Когда «Добыча» вышла у Лакруа отдельным изданием, вокруг нее образовался заговор молчания. Не сговариваясь, большинство газет решили избегать каких-либо упоминаний о романе. Они были слишком поглощены сегодняшней политикой для того, чтобы интересоваться вчерашними страстями. В довершение всех несчастий Лакруа разорился, лишив Золя последней надежды на благополучную судьбу книги.
Теофиль Готье, сжалившись над молодым собратом по перу, которого постигла такая неудача, порекомендовал Золя собственному издателю, Жоржу Шарпантье. И очень вовремя это сделал: писатель к тому времени оказался на мели. У него не хватало денег даже на то, чтобы купить себе приличный костюм, в котором можно было бы отправиться на встречу с возможным спасителем.
Жорж Шарпантье, которому в то время было всего тридцать пять лет, принял Золя с почтительным уважением. Он умел распознать истинный талант и без колебаний брал на себя обязательства, если книга ему нравилась или внешность собеседника внушала доверие. Вот и сейчас без долгих раздумий и лишних уверток Шарпантье предложил печатать два романа Золя в год, выплачивая автору по пятьсот франков ежемесячно, а кроме того, выкупить у Лакруа за восемьсот франков права на «Карьеру Ругонов» и «Добычу». Золя вернулся домой победителем. Он спасен! И отныне может спокойно работать над продолжением «Ругон-Маккаров», не думая о том, как свести концы с концами.

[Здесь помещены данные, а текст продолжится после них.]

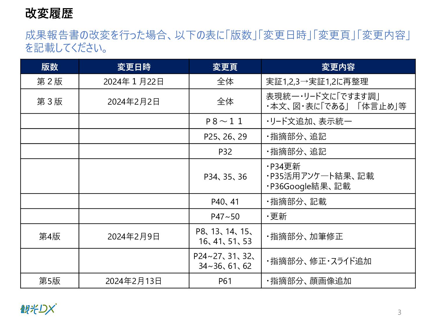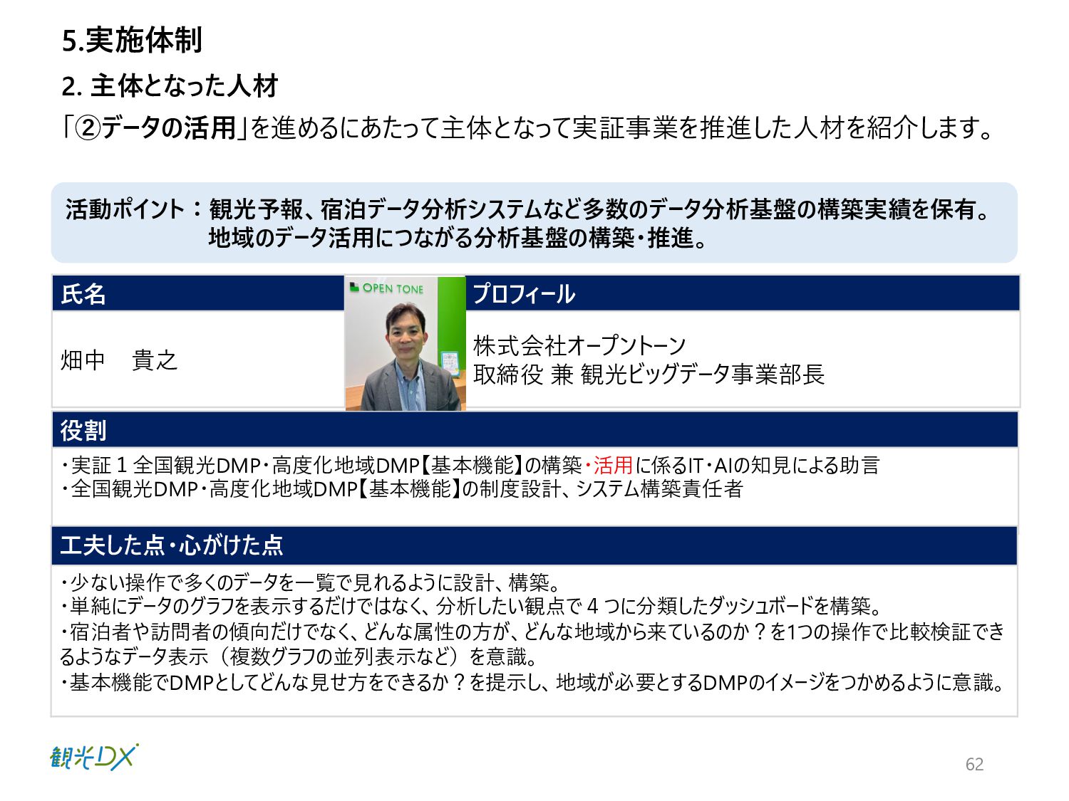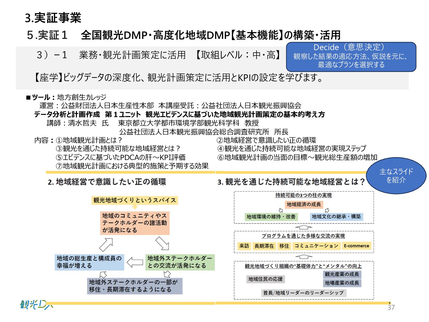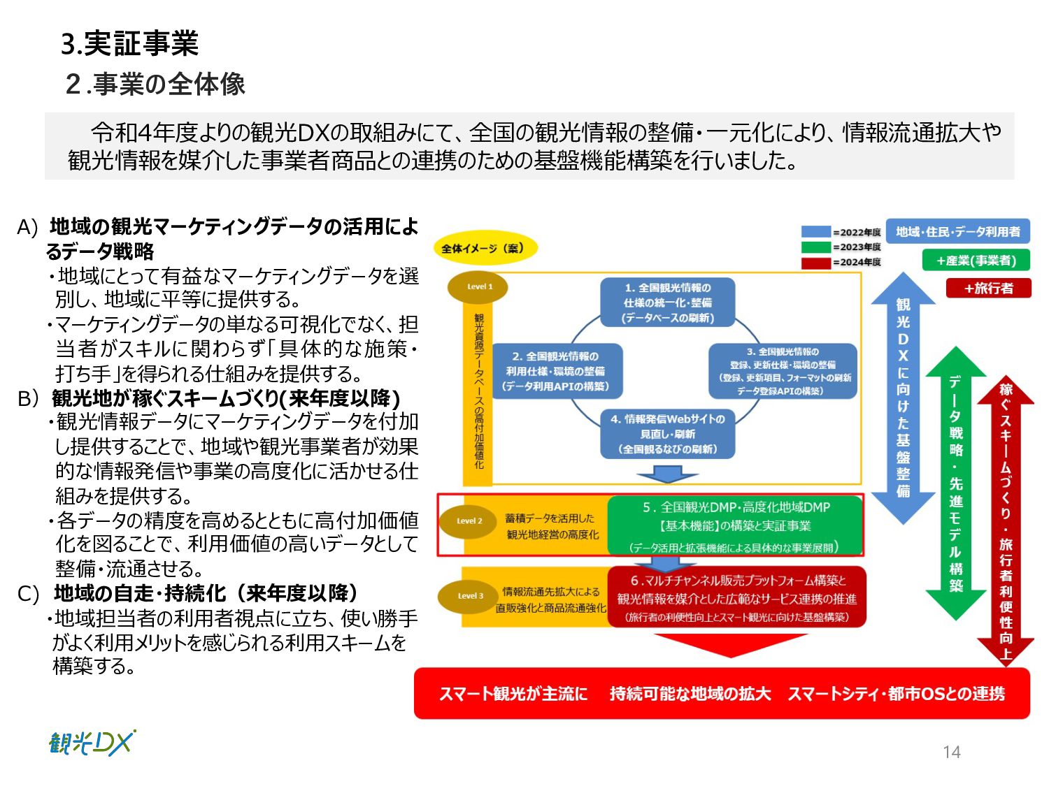 ⾴ 実証1 P.42 ⾃治体・観光協会・DMO等と連携し た実証地域 ・成功事例:4件の創出 全国観光DMP・⾼度化地域DMP【基本 機能】による地域と連携した実証事業 実証2 P.50 ⽬標値 成果 KGI 4.総括 DMPの活⽤により、データ活⽤の取組レベルの向上を図った。 1.成果 n 実証事業の総括 【実証1】KGI ・⾃治体数:2都道府県74市町村 10⽉末の⾃治体・観光協会へDMPのリリース後、活⽤した14府県36市町村がデータ確認・⽐較等具体的な活⽤に⾄った。 なお、全国の1741の市区町村に都道府県と同様に案内したが、参加率は低く、KGI達成へ⾄らなかった。⼀⽅、都道府県の活⽤ が14と意識が⾼く、DMPを把握し、管轄の市町村にも共有したいとの声が多かったことらから、来年度以降、都道府県・都道府県 観光協会、当協会8⽀部と連携した定期的なセミナーを開催予定。また、DMPのWebサイトアクセス動向分析の3ヶ⽉間の結果は ユーザー518名、3643PV、⼀回当たり7PV、平均滞在時間2分34秒と⻑めの結果となったことから、地域のデータ活⽤に繋がった。 【実証1】KGI・活⽤セミナーの開催 450⼈、27道府県131市町村の参加を頂き、3回のアンケート結果から、必要なデータ・ソリューションの問いには、把握が進み、 ⼈流・購買データ分析による ターゲット広告配信や宿泊施設の需要予測、産業連関表におる経済波及効果等具体的な施策 希望が増えた。その他、勉強会やワークショップに参加した地域数 21都道府県・22市町村 【実証2】成功事例:4件の創出 4県はDMPを活⽤し、OODAループのDecide(意思決定)により来年度施策の仮説を提案し、観光振興計画を策定した。各県 の担当者がObserve(データ観察)→Oriento(情報判断)→Decide(意思決定)から、連携可能なソリューションを活⽤し たイメージが掴めるようになり、4県共に観光振興計画の作成に⾄った。 全国観光DMPを活⽤した都道府県:2都道府県・74市町村 地域の観光事業計画や個別のマーケ ティング戦略・施策等の策定に際し、 DMPの活⽤ ・⾃治体数:2都道府県74市町村 ・活⽤セミナーの開催:3回 KPI 全国観光DMP・度化地域DMP【基本機 能】の構築・活⽤ 4件の創出 群⾺県・埼⽟県・千葉県・⻑崎県 ・OODAループの実現 ・観光振興計画作成

И вот он уже приступает к «Чреву Парижа»… Если все то, что Эмиль узнавал, собирая сведения о высшем обществе времен Второй империи, его увлекало, то теперь, открывая для себя удивительный мир Центрального рынка, он испытывал такое ощущение, будто погружается в мир видений. Охваченный страстью, он чувствовал себя перед этими грудами припасов, которыми парижане должны были утолить голод, разом и художником, и романистом. День за днем он исследовал ларьки, погреба, кладовые, отмечая форму кровель и расположение различных секторов: мясные, рыбные, зеленные, сырные лавки, справлялся о полицейских предписаниях, налогах и пошлинах, вычерчивал план квартала, подробно описывая каждую улицу со всеми ее особенностями, раздувал ноздри, жадно втягивая мощные и крепкие запахи, исходившие от этого чудовищного скопления пищи.
Понемногу Центральный рынок перестал в его представлении быть всего лишь декорацией, фоном, превратившись в мифическое существо и сделавшись главным героем романа. Интрига в «Чреве Парижа» строится на противопоставлении тощих и толстых. Мечтатель Флоран, из числа «тощих», бывший осужденный и беглый каторжник, снова увлекается политикой и создает тайное общество. Но его выдадут, он будет арестован и снова отправится в Кайенн. Его сводный брат Кеню, «толстый», разбогатевший колбасник, и жена Кеню Лиза, мещаночка с сонной плотью и корыстным умом, не способны представить себе, как это честные люди могут умирать с голоду.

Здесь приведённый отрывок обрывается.